Some policymakers feel Obama should wait until June 2009 before confronting Iranian officials in direct talks. This is when the country will go through presidential elections and Mahmoud Ahmadinejad, who is unpopular in Iran, could lose his presidential seat of power. Obama's Administration will likely try to engage in diplomacy with Iran's Supreme Leader Ayatollah Ali Khameni, and look to silence Ahmadinejad's threats toward Israel.
But, the international community could presume that an Iran without Ahmadinejad at the helm of power would constitute an Iran that stops its pursuit of nuclear weapons. Middle East experts say that's a false assumption. While Khameni may promise Obama and other international leaders that he will not use nuclear weapons on Israel or western forces, most analysts claim he is among several Iranian leaders pushing for nuclear capability.

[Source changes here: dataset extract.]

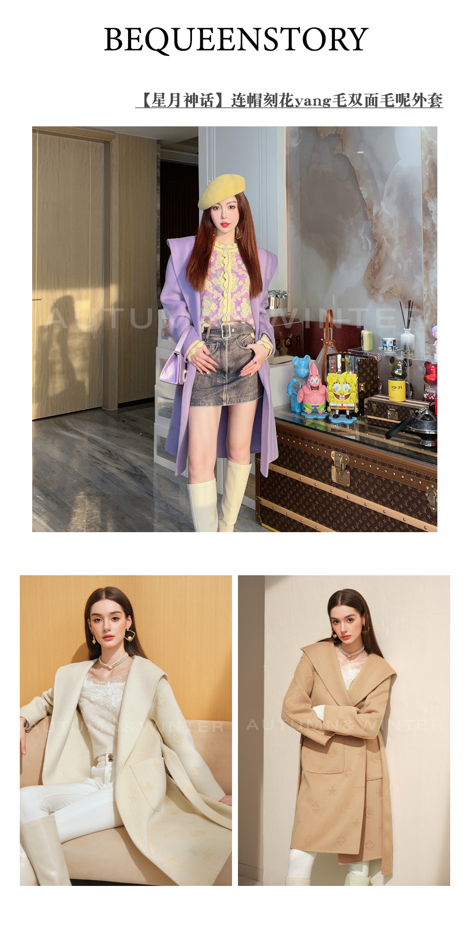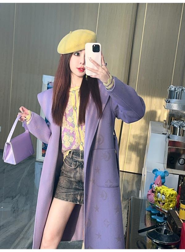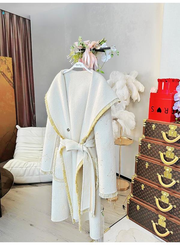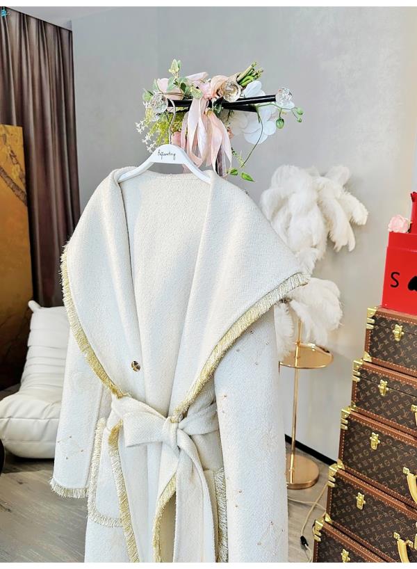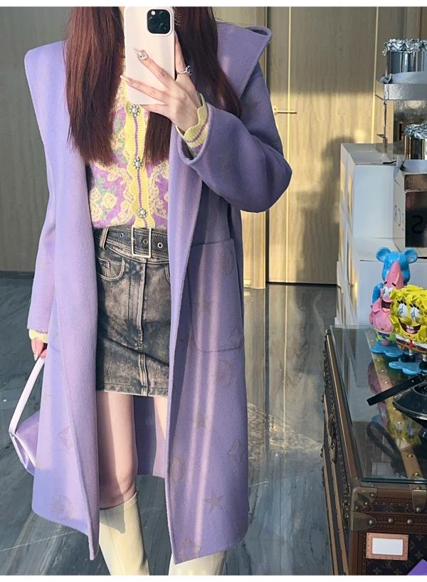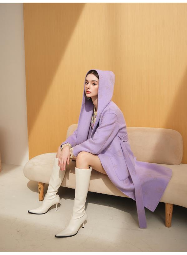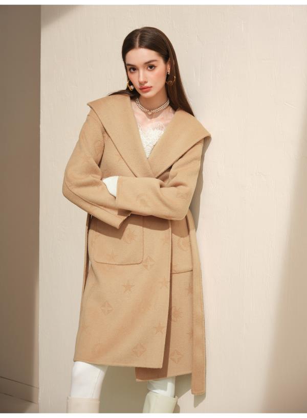 【年终福利,不退不换】【星月神话】气质连帽刻花羊毛双面毛呢外套配本布腰带
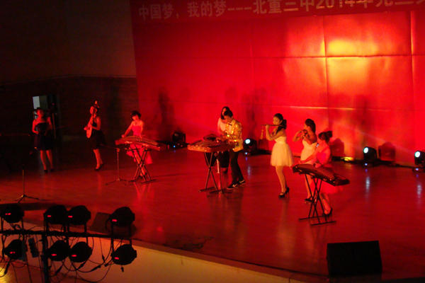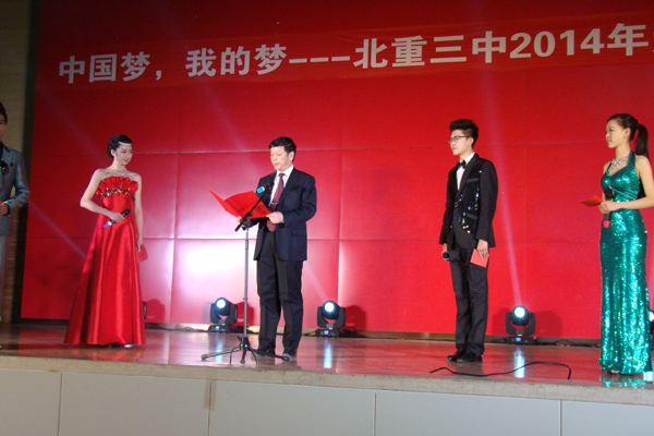 三中武術(shù)隊(duì)《武動(dòng)青春》的精彩表演武出了文藝匯演的第一篇章,同學(xué)們各顯其能,紛紛登臺(tái)獻(xiàn)藝。胡家杰《B-box》出眾的口技絕活剛一亮相就贏來此起彼伏的尖叫與掌聲;白禹順這一“身出名班”的帥小伙以優(yōu)美的小提琴聲驚呆了四座;在青山區(qū)語言類節(jié)目專場比賽中位于中學(xué)組16個(gè)節(jié)目中第三名的雙簧小品《青春樂章》被同學(xué)們授予“最受歡迎獎(jiǎng)”;同樣在青山區(qū)語言類節(jié)目專場比賽中中學(xué)組課本劇排名第三的《孔雀東南飛》“劇組”也親情展示;藝體中心帶來的大型舞蹈《扇舞》和《向天歌》都給人以美好的視覺享受;聲樂教師張國瑞老師和李奕蒙老師的歌聲更是極具感染力,讓人振奮欣喜,回味無窮……整場演出在《同圓中國夢》的歌聲中圓滿結(jié)束。

Israel is aware of this and sees any future diplomatic compromise on the part of the U.S. and its European and Arab allies as detrimental to Israel's security. This could be an issue that pits a future Obama Administration against a future Israeli Administration.
A Slow Process
While these Middle East issues are central to solidifying the new U.S.-Israel relationship, for the next six months we can expect that Obama will be busily engaged in forming his new government. He will be pushing forward his domestic agenda to solve the current U.S. financial crisis. Israel will not be at the top of his agenda while he is focused on getting troops out of Iraq as quickly as possible, in addition to fortifying troops in Afghanistan. Most likely, Obama will be meeting with global financial leaders and his European and Arab allies before he sets his face towards Jerusalem.
This will give Israel the needed time it needs to set its own agenda and deal with these complex issues, as a new Prime Minister tries to form a new coalition government in Jerusalem in the coming months.
C Hart is a news analyst reporting on political, diplomatic, and military issues as they relate to Israel, the Middle East and the international community.